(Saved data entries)
--*--
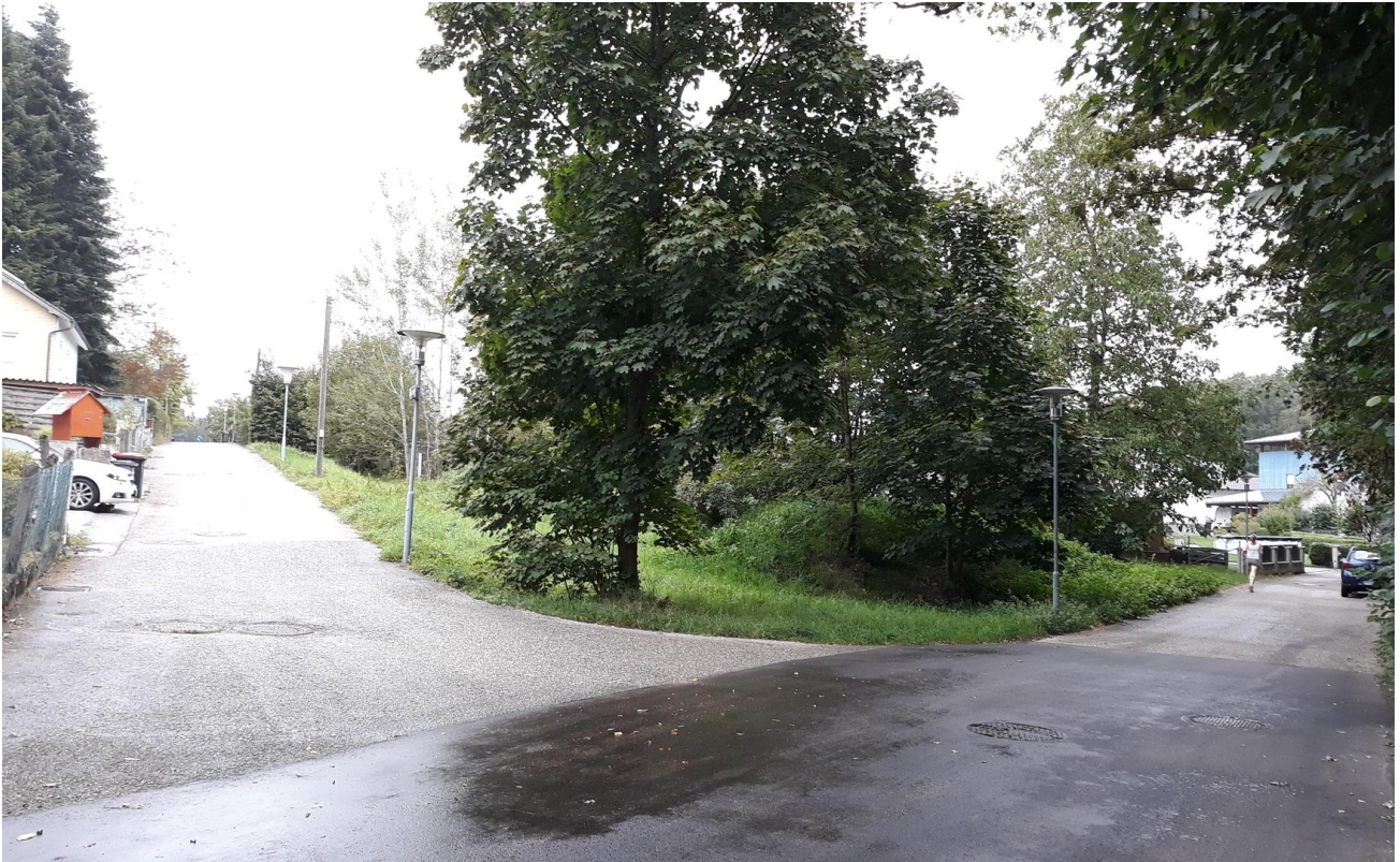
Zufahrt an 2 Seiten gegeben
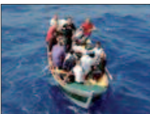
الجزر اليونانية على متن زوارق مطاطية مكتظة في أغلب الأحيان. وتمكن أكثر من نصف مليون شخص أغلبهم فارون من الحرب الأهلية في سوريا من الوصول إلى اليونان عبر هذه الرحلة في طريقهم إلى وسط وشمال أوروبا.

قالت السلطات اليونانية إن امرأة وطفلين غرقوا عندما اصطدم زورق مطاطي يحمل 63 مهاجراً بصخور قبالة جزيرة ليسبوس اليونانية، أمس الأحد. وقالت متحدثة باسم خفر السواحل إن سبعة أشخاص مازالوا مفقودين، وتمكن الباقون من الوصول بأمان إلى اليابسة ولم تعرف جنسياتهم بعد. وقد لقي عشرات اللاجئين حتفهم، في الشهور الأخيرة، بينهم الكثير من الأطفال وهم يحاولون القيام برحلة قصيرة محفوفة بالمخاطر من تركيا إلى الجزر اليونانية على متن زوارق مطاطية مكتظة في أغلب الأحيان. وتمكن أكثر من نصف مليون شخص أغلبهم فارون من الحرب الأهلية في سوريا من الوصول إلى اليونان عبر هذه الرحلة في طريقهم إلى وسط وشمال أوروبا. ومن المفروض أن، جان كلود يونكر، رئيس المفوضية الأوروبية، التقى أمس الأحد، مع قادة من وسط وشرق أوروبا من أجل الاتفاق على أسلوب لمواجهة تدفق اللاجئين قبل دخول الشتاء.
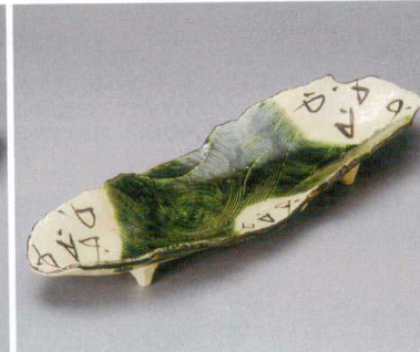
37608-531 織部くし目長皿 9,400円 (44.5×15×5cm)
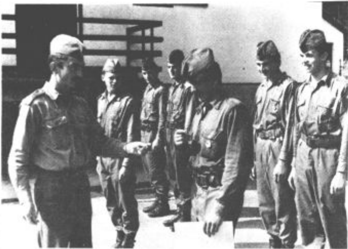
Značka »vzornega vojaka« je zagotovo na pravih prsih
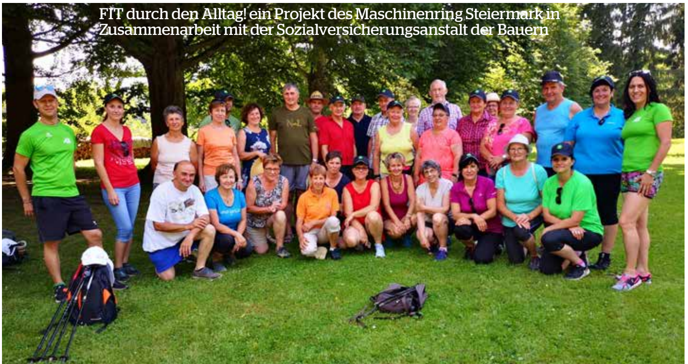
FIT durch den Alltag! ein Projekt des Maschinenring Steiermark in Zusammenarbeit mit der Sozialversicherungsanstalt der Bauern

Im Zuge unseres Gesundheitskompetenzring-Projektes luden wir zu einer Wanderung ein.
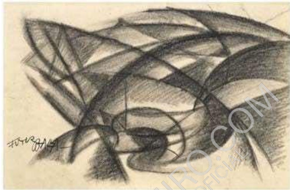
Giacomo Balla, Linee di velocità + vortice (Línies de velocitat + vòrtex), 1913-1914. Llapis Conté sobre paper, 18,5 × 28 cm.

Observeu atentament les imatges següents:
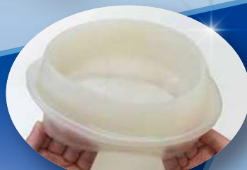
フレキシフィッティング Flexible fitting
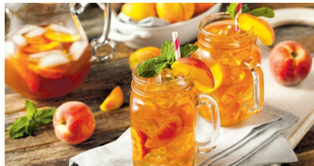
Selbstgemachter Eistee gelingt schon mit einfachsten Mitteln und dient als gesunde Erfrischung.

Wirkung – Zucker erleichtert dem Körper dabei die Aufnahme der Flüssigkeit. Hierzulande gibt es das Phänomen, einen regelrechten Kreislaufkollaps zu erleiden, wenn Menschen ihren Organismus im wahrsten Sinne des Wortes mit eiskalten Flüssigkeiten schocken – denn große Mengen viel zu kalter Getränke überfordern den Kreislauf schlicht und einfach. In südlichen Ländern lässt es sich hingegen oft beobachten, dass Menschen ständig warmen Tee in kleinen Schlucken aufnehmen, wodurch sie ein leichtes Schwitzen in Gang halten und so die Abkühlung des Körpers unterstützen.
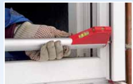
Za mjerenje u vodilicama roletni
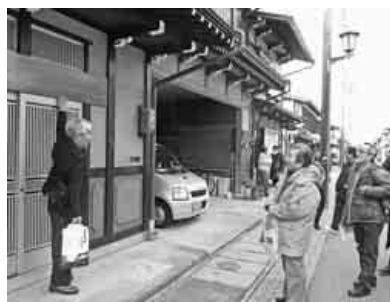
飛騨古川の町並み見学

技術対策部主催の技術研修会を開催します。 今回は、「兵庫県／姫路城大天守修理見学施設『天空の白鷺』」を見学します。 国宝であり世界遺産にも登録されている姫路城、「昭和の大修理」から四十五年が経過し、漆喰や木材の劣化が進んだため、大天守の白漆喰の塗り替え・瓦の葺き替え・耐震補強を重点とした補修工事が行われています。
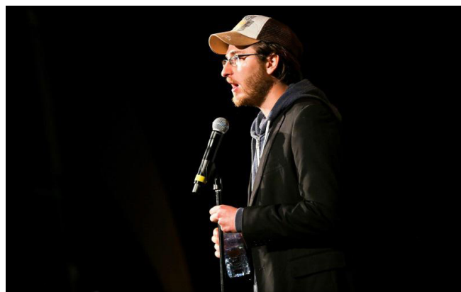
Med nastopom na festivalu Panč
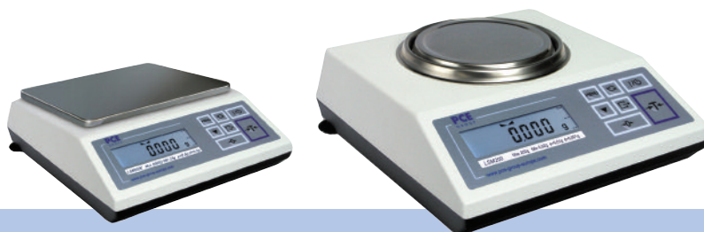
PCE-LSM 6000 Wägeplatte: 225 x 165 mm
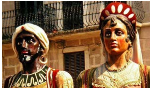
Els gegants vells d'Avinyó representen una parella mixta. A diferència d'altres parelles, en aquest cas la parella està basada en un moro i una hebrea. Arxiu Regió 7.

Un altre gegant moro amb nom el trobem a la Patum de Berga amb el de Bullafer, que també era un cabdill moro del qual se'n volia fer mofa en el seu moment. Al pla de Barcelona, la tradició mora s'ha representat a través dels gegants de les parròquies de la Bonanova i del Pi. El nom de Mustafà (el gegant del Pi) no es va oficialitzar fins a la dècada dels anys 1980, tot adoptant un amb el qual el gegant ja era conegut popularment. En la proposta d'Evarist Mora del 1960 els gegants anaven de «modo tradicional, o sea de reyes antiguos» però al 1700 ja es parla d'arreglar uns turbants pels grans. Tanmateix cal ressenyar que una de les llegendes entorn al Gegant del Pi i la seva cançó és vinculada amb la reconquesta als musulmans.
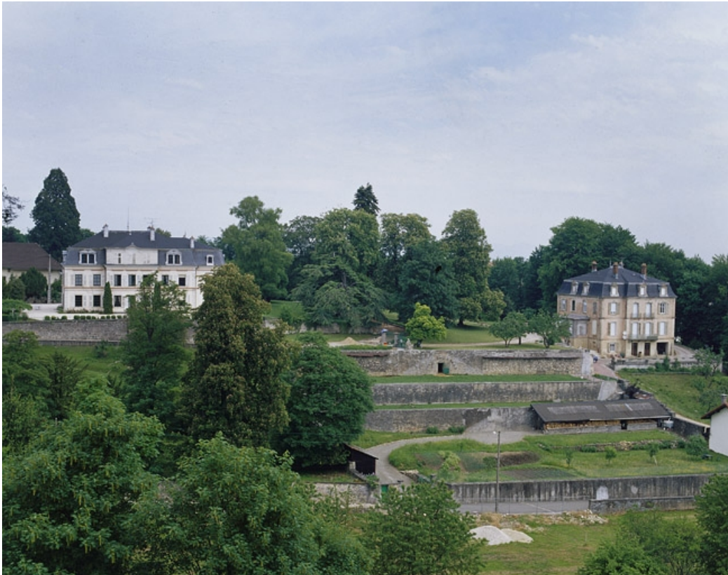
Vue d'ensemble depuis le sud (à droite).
--*--
INSTRUCTIONS FOR THE TASK: Without copying any images, transcribe the records exactly as they stand.

TASK OUTPUT:
Zufahrt an 2 Seiten gegeben
الجزر اليونانية على متن زوارق مطاطية مكتظة في أغلب الأحيان. وتمكن أكثر من نصف مليون شخص أغلبهم فارون من الحرب الأهلية في سوريا من الوصول إلى اليونان عبر هذه الرحلة في طريقهم إلى وسط وشمال أوروبا.

قالت السلطات اليونانية إن امرأة وطفلين غرقوا عندما اصطدم زورق مطاطي يحمل 63 مهاجراً بصخور قبالة جزيرة ليسبوس اليونانية، أمس الأحد. وقالت متحدثة باسم خفر السواحل إن سبعة أشخاص مازالوا مفقودين، وتمكن الباقون من الوصول بأمان إلى اليابسة ولم تعرف جنسياتهم بعد. وقد لقي عشرات اللاجئين حتفهم، في الشهور الأخيرة، بينهم الكثير من الأطفال وهم يحاولون القيام برحلة قصيرة محفوفة بالمخاطر من تركيا إلى الجزر اليونانية على متن زوارق مطاطية مكتظة في أغلب الأحيان. وتمكن أكثر من نصف مليون شخص أغلبهم فارون من الحرب الأهلية في سوريا من الوصول إلى اليونان عبر هذه الرحلة في طريقهم إلى وسط وشمال أوروبا. ومن المفروض أن، جان كلود يونكر، رئيس المفوضية الأوروبية، التقى أمس الأحد، مع قادة من وسط وشرق أوروبا من أجل الاتفاق على أسلوب لمواجهة تدفق اللاجئين قبل دخول الشتاء.
37608-531 織部くし目長皿 9,400円 (44.5×15×5cm)
Značka »vzornega vojaka« je zagotovo na pravih prsih
FIT durch den Alltag! ein Projekt des Maschinenring Steiermark in Zusammenarbeit mit der Sozialversicherungsanstalt der Bauern

Im Zuge unseres Gesundheitskompetenzring-Projektes luden wir zu einer Wanderung ein.
Giacomo Balla, Linee di velocità + vortice (Línies de velocitat + vòrtex), 1913-1914. Llapis Conté sobre paper, 18,5 × 28 cm.

Observeu atentament les imatges següents:
フレキシフィッティング Flexible fitting
Selbstgemachter Eistee gelingt schon mit einfachsten Mitteln und dient als gesunde Erfrischung.

Wirkung – Zucker erleichtert dem Körper dabei die Aufnahme der Flüssigkeit. Hierzulande gibt es das Phänomen, einen regelrechten Kreislaufkollaps zu erleiden, wenn Menschen ihren Organismus im wahrsten Sinne des Wortes mit eiskalten Flüssigkeiten schocken – denn große Mengen viel zu kalter Getränke überfordern den Kreislauf schlicht und einfach. In südlichen Ländern lässt es sich hingegen oft beobachten, dass Menschen ständig warmen Tee in kleinen Schlucken aufnehmen, wodurch sie ein leichtes Schwitzen in Gang halten und so die Abkühlung des Körpers unterstützen.
Za mjerenje u vodilicama roletni
飛騨古川の町並み見学

技術対策部主催の技術研修会を開催します。 今回は、「兵庫県／姫路城大天守修理見学施設『天空の白鷺』」を見学します。 国宝であり世界遺産にも登録されている姫路城、「昭和の大修理」から四十五年が経過し、漆喰や木材の劣化が進んだため、大天守の白漆喰の塗り替え・瓦の葺き替え・耐震補強を重点とした補修工事が行われています。
Med nastopom na festivalu Panč
PCE-LSM 6000 Wägeplatte: 225 x 165 mm
Els gegants vells d'Avinyó representen una parella mixta. A diferència d'altres parelles, en aquest cas la parella està basada en un moro i una hebrea. Arxiu Regió 7.

Un altre gegant moro amb nom el trobem a la Patum de Berga amb el de Bullafer, que també era un cabdill moro del qual se'n volia fer mofa en el seu moment. Al pla de Barcelona, la tradició mora s'ha representat a través dels gegants de les parròquies de la Bonanova i del Pi. El nom de Mustafà (el gegant del Pi) no es va oficialitzar fins a la dècada dels anys 1980, tot adoptant un amb el qual el gegant ja era conegut popularment. En la proposta d'Evarist Mora del 1960 els gegants anaven de «modo tradicional, o sea de reyes antiguos» però al 1700 ja es parla d'arreglar uns turbants pels grans. Tanmateix cal ressenyar que una de les llegendes entorn al Gegant del Pi i la seva cançó és vinculada amb la reconquesta als musulmans.
Vue d'ensemble depuis le sud (à droite).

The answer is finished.